Souvenez-vous, c'était en mars 2023. Dans un entretien accordé à Localtis Marie-Noëlle Haye, vice-présidente de l'Association nationale des directeurs de la restauration publique territoriale (Agores), expliquait que le Conseil général de l'alimentation, de l'agriculture et des espaces ruraux (CGAAER) et l'Inspection générale de l'environnement et du développement durable (Igedd) étaient sur le point de publier un rapport évaluant l'expérimentation de l'option végétarienne quotidienne pour les collectivités territoriales volontaires introduit par l'article 252 de la loi Climat et Résilience du 22 août 2021. Dix-huit mois plus tard, le voici. Il est daté de mars 2023 mais vient seulement d'être publié, portant une conclusion décevante : "Il serait judicieux de reconduire cette évaluation d'ici quelques années lorsque les évolutions demandées et les contraintes engendrées seront mieux assimilées et surmontées par tous." Le principal problème réside dans la "très faible représentativité de l'échantillon des répondants" sur le site "Ma Cantine", ce qui ne permet pas de "tirer des conclusions probantes". Les résultats analysés sont donc "très partiels". Cela dit, il faut rappeler que seules 200 communes sur 36.500 s'étaient lancées dans l'expérimentation de l'alternative végétarienne quotidienne en 2024. L'expérimentation a rencontré peu d'adhésion ; c'est surtout cela, le constat. 

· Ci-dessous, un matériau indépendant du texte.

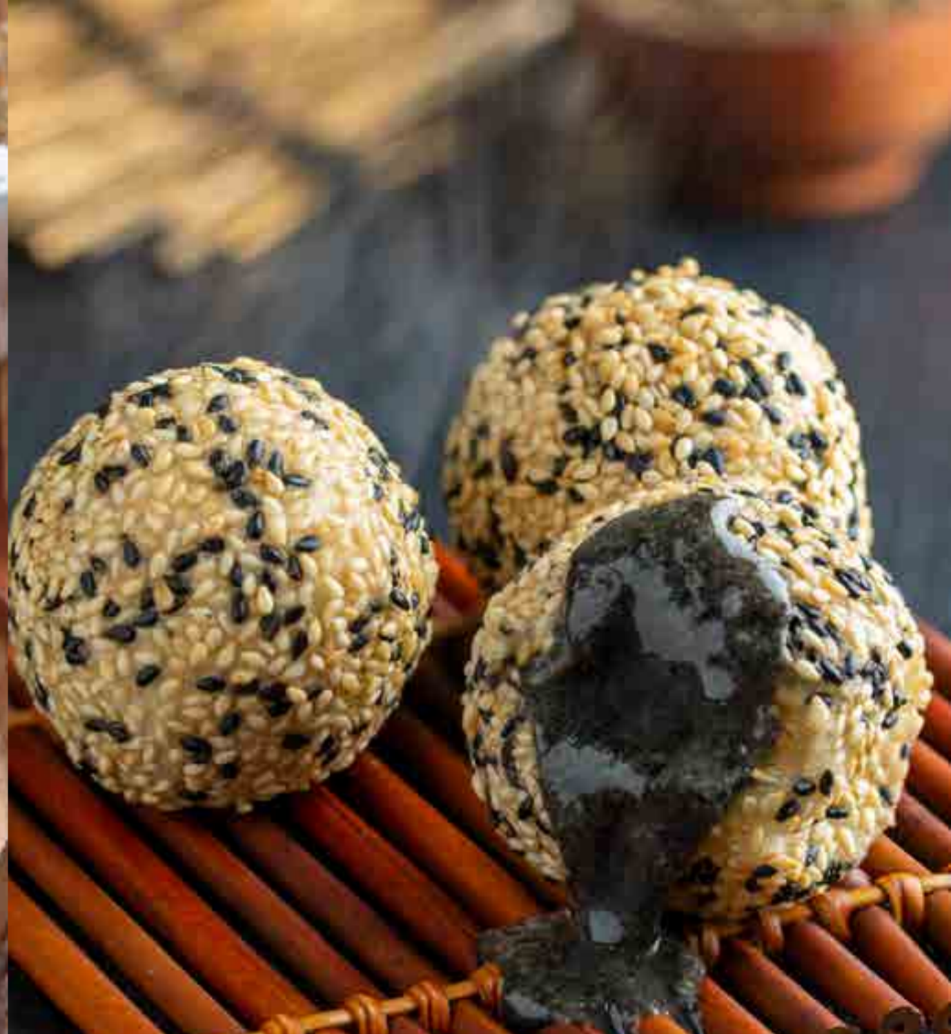
Onde Onde Sesame 麻薯球

Aucun guide explicatif disponible

Le rapport permet d'en cerner les raisons : "composition et diversité des repas, formation du personnel, coût supplémentaire, réorganisation nécessaire de la préparation des repas, investissements matériel et humain nécessaires et réticence des personnels...". À noter aussi que les communes de moins de 10.000 habitants sont celles qui ont rencontré le plus de difficultés. 
Dans le détail, parmi les causes de non-adhésion à l'expérimentation, le contexte réglementaire pose problème aux responsables de restaurants collectifs pour se porter volontaires sans se placer dans une situation de non-conformité au regard de la réglementation ou de la qualité nutritionnelle des menus servis. Même si de nombreux outils et guides ont été développés depuis la loi Egalim et l'obligation d'un menu végétarien hebdomadaire, "aucun guide explicatif n'est à l'heure actuelle disponible pour faciliter le déploiement d'une offre quotidienne de menu végétarien", relève le rapport. "Beaucoup de responsables de restaurants collectifs s'interrogent sur l'articulation des exigences réglementaires de l'arrêté du 30 septembre 2011 avec la mise en œuvre d'une option végétarienne quotidienne", rapporte le document.

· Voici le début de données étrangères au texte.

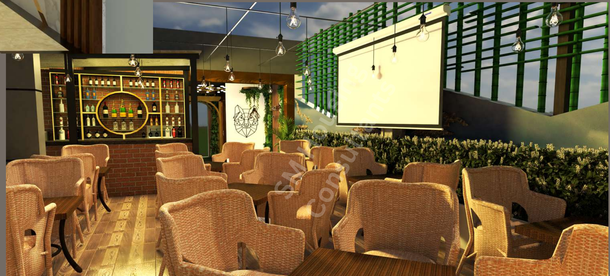
OPEN TERRACE RESTURANT,NOIDA
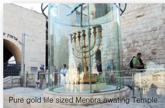
Pure gold life sized Menora awaiting Temple

De nouvelles questions : isoflavones 

De plus, si plusieurs avis scientifiques, notamment de l'Anses, sont venus éclairer les professionnels quant aux besoins nutritionnels indispensables à la bonne croissance des enfants en bas âge et des adolescents, de nouvelles questions apparaissent. "Des avis complémentaires sont nécessaires, notamment sur les isoflavones ou encore sur les aliments ultratransformés" (AUT) auxquels il faut limiter le recours. En France, l'alimentation n'est pas déficitaire en protéines mais c'est surtout la question des micronutriments associés aux protéines d'origine animale qui risquent, en cas de régime végétarien, de ne plus être consommés, comme le fer, les vitamines B12 et D, le zinc et les acides gras oméga 3. 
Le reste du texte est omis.